Many people crave black-and-white moral clarity, expecting a clear threshold: before a certain age, it’s fine to kill, and after that, it’s absolutely wrong. But this approach is flawed because human cognitive development is gradual, not instantaneous. An infant’s intrinsic value slowly increases as it grows, as its capacity for experiencing pleasure and pain strengthens. Therefore, a reasonable judgment is that the older an infant gets, the more immoral it is to kill it.

In summary, this is my utilitarian argument for why abortion is moral. Of course, there are many other justifications for abortion, such as Kantian rationality, relational ethics, or the expectation of a future life, but I personally do not find them as compelling as utilitarianism.

Six final points:

  1. While fetuses and infants may lack intrinsic value, they can have extrinsic value—their parents, for instance, might suffer greatly from their death. This factor should be indirectly considered, though it is a separate issue.
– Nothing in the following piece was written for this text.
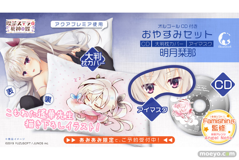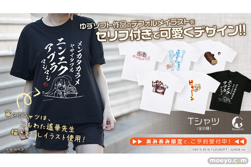 ゆずソフト『RIDDLE JOKE』より、「在原七海 ビターンTシャツ」、「シャワーカーテン 七海&茉優」などが、『サノバウィッチ』より、「綾地寧々 ラーメン呪文Tシャツ」、「シャワーカーテン 綾地寧々」などが、『喫茶ステラと死神の蝶』』より、「明月栞那 エロティック!!Tシャツ」、「オルゴールCD付きおやすみセット 明月栞那」などが、『千恋*万花』より、「のれん 常陸茉子」、「シャワーカーテン 芳乃&ムラサメ&レナ」など、多数のグッズが「あみあみ限定」グッズとして予約受付中!【あみあみ】
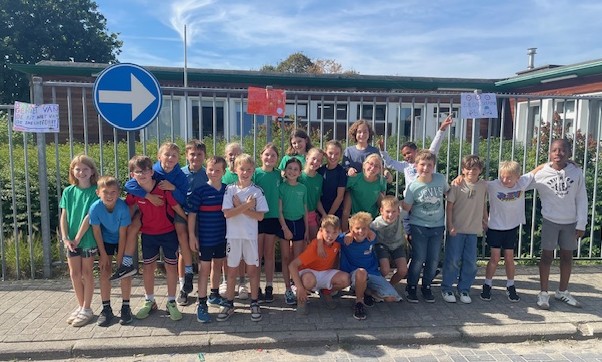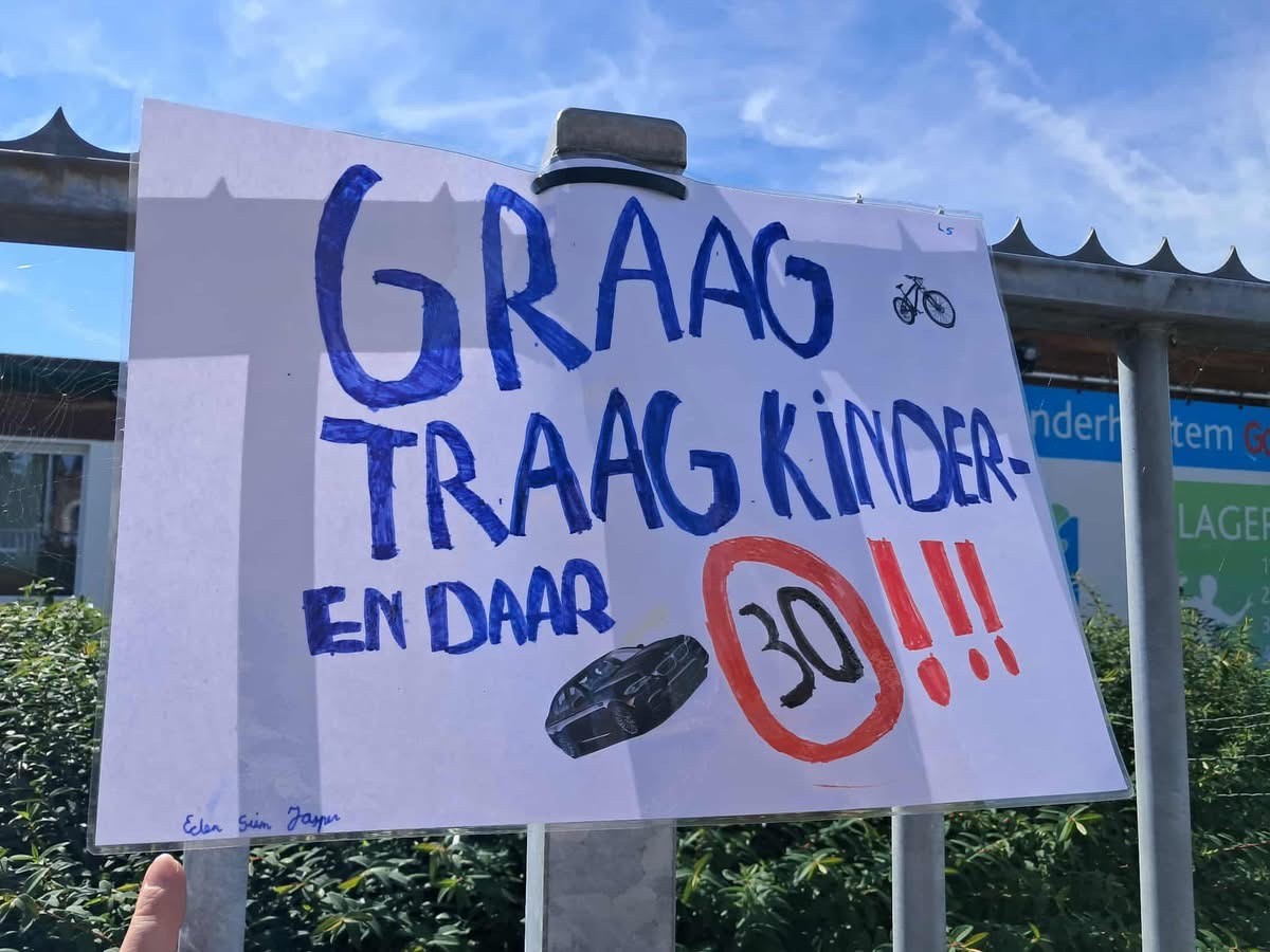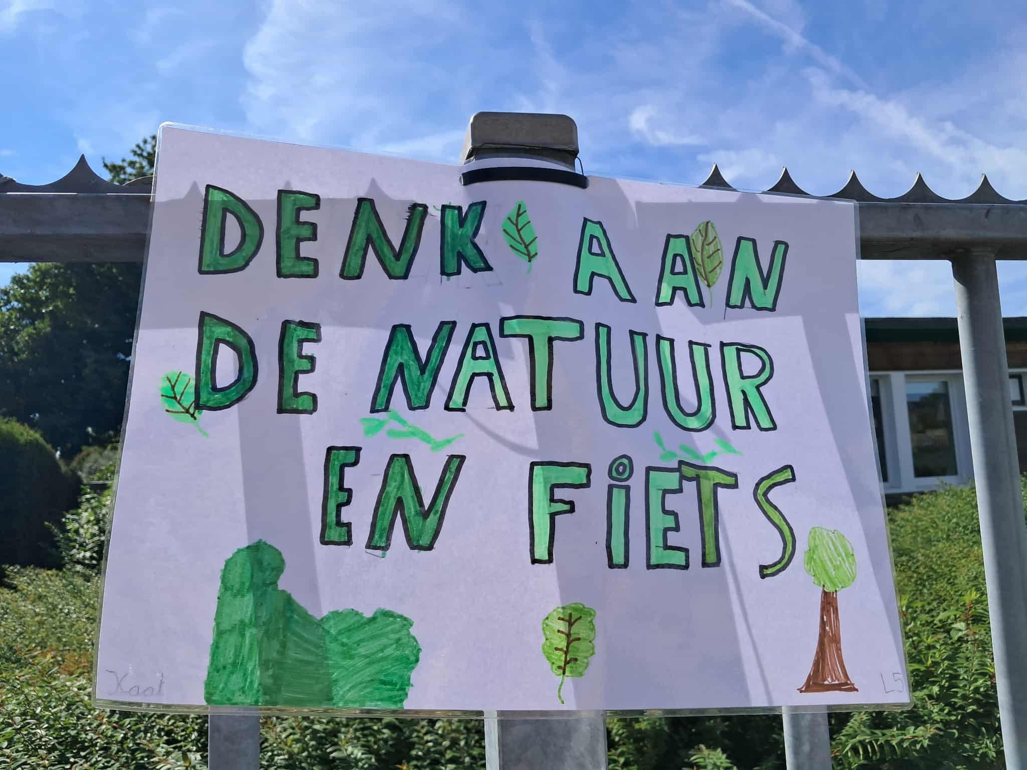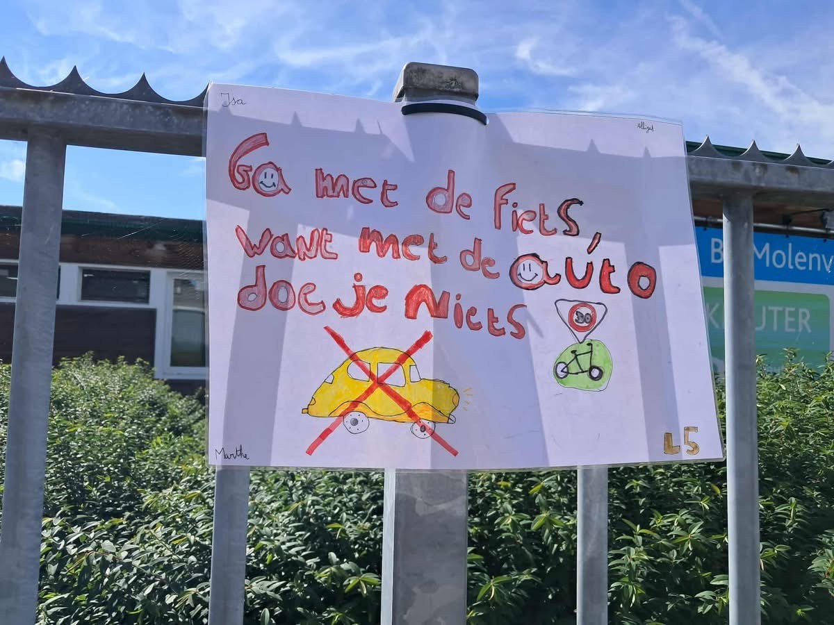 Die boodschap wilden de leerlingen van het 5de jaar in de basisschool Molenveld vrijdag 19 september uithangen: letterlijk met slogans op affiches aan de schoolpoort. Ze vroegen aan de voorbijgangers van de schoolomgeving om zoveel mogelijk te trappen en te stappen en de auto te vermijden. Ook de chauffeurs, die hun auto toch nodig hadden, kregen een duidelijke boodschap.

  2. Morality and law are related but not identical. While an infant’s moral value gradually increases, the law cannot afford such ambiguity. Legal rules must be clear-cut, which is why laws typically prohibit killing from birth onward. This simplification is both necessary and reasonable.
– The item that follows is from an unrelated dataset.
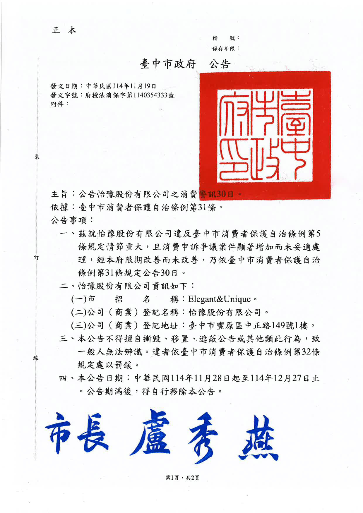 位於臺中市豐原區中正路149號之怡豫股份有限公司(店招:Elegant&Unique,下稱怡豫公司),因屢次違反消費者保護法第18條及本市消費者保護自治條例第5條規定,經衛生局裁罰仍未改善,且近來消費申訴案件數量有顯著增加的情形。臺中市政府法制局長李善植表示,臺中市於113年修正公布本市消費者保護自治條例,首創政府機關可前往業者營業場址張貼消費警訊告示之機制,在新法上路後,市府審酌怡豫公司之違規情節及消費申訴案件有顯著增加之情形,市府消保官及衛生局等於怡豫公司營業場所張貼公告,業者於114年11月28日至同年12月27日不得撕毀、移置、遮蔽或有其他類此行為致一般人無法辨識此一公告之行為,希望藉此能提醒消費者慎選店家,謹慎消費。
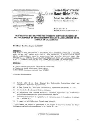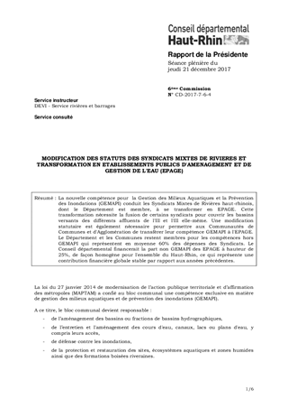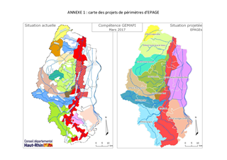 La nouvelle compétence pour la Gestion des Milieux Aquatiques et la Prévention des Inondations (GEMAPI) conduit les Syndicats Mixtes de Rivières haut-rhinois, dont le Département est membre, à se transformer en EPAGE. Cette transformation nécessite la fusion de certains syndicats pour couvrir les bassins versants des différents affluents de l'Ill et l'Ill elle-même. Une modification statutaire est également nécessaire pour permettre aux Communautés de Communes et d'Agglomération de transférer leur compétence GEMAPI à l'EPAGE. Le Département et les Communes restent membres pour les compétences hors GEMAPI qui représentent en moyenne 60% des dépenses des Syndicats. Le Conseil départemental financerait la part non GEMAPI des EPAGE à hauteur de 25%, de façon homogène pour l'ensemble du Haut-Rhin, ce qui représente une contribution financière globale stable par rapport aux années précédentes.

  3. Some pro-lifers, such as the lady at the booth in the photo, who I debated with, insist that life begins at conception, which makes all stages of abortion wrong.  No else distinctions are necessary. This position avoids some philosophical complexities, but has its own problem. It is estimated that 40% of fertilized eggs did not make it to implantation, and about 40% of implanted eggs were miscarried and fail to be born. Therefore, when a couple decides to be pregnant, they are inviting a 50% of chance to create a human and let it die, which is technically manslaughter (unintentional homicide) or at least a failure to perserve someone’s life. Think about the moral implications of that—-to be pregnant, you need to voluntarily and consciously kill 0.5 person. Is getting pregnant itself even moral? That 0.5 person would not die (because it would have never existed) if you don’t get pregant, but for your own motives, you let it die anyways. Plus, similarily, a man nutting on some menstrual blood should probably be first-degree murder or manslaughter.
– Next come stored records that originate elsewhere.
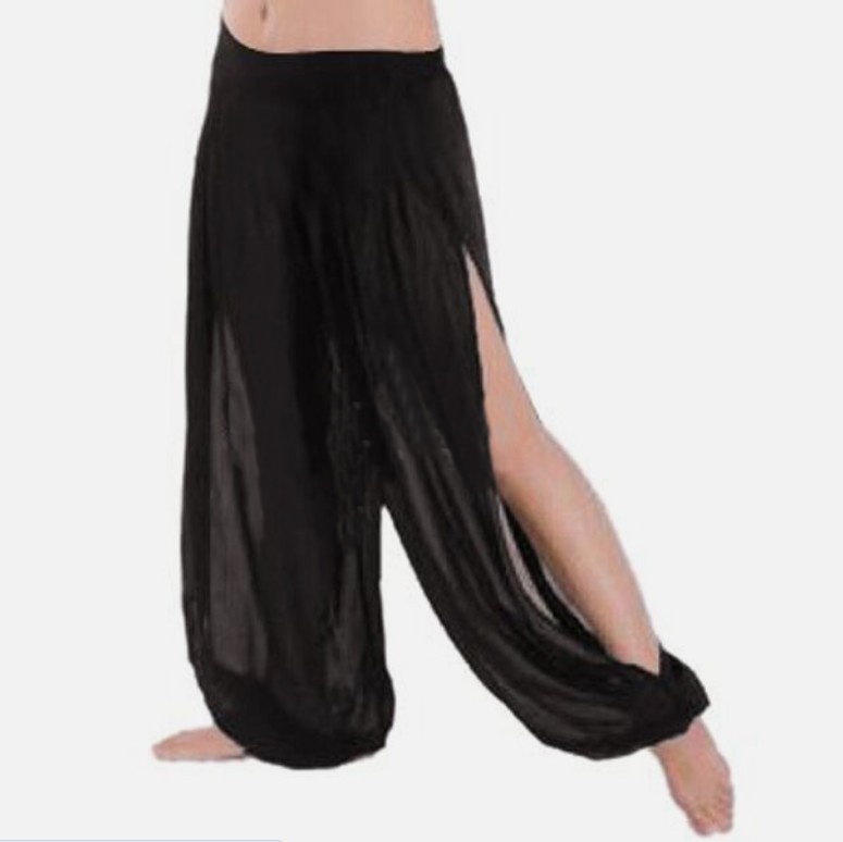Harémové šifonové taneční kalhoty, stažené kolem kotníčku, na bocích rozparky. Průsvitné.
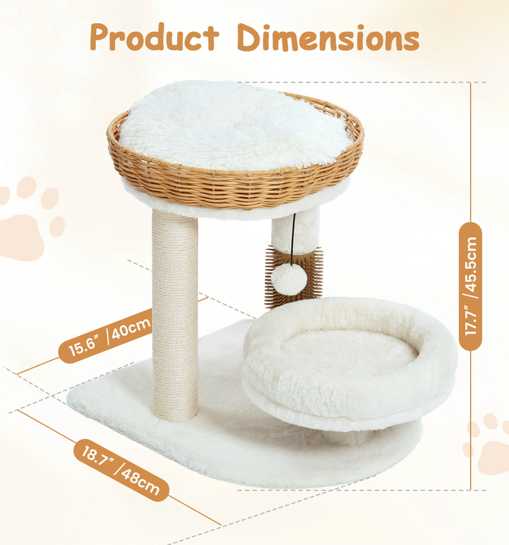 Made4Pets Beige Wood Cat Tree with Rattan Cat Condo
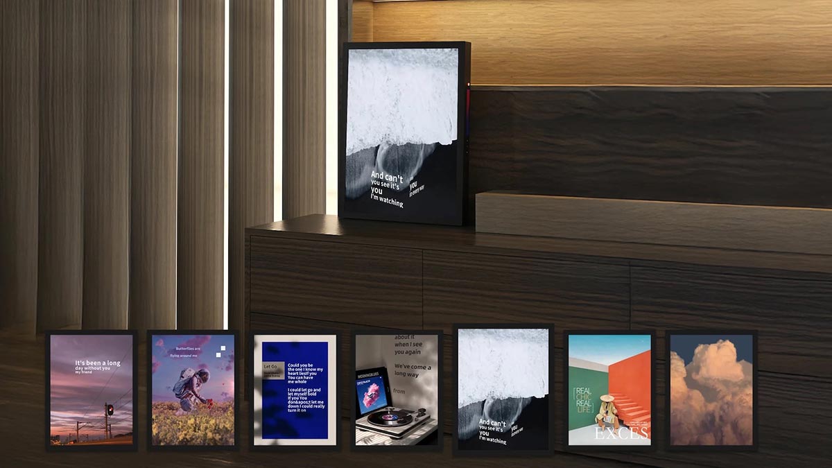 למסגרת החכמה גישה לספרייה ייחודית עם אלפי תמונות ועיצובים. אפשר להפעיל את המסגרת לתצוגה דינמית של תמונות, סרטונים ותוכן ויזואלי. רמקולים מובנים מספקים צלילים איכותיים ונקיים. למסגרת מסך מולטימדיה גדול (30 אינץ') ואופציית הפעלה חכמה נוגדת בוהק (anti-glare).

  4. Some will realize that the arguments put forth in this article “overkill.” Because if abortion is okay as long as it does not create suffering, then killing an adult and sentinent human will not be wrong under the same condition. Well, yeah, think about it, why is death a bad thing to begin with? Empirically, people fear death, so they made rules against killing, but death itself is not instrinsically bad or immoral, we all end up having it. Fear of death is possibly a survivorship bias—-you are asking live people whether they want death, but you can’t survey the dead people on the other side! However, there can be more derivative/extrinsic moral and legal reasons against adult homicide.
  5. If humans are intrinsically valuable only because of their sentience (ability to feel pleasure or pain), then isn’t the really intrinsically valuable thing actually the pleasure, rather than the humans? I will say yes, I am with the “happiness containers” view, which says that sentinent beings are only valuable for their ability and reality of experiencing pleasure.
  6. By the same logic, non-human animals capable of perception also have value—and a healthy adult pig clearly has more value than a newborn human infant.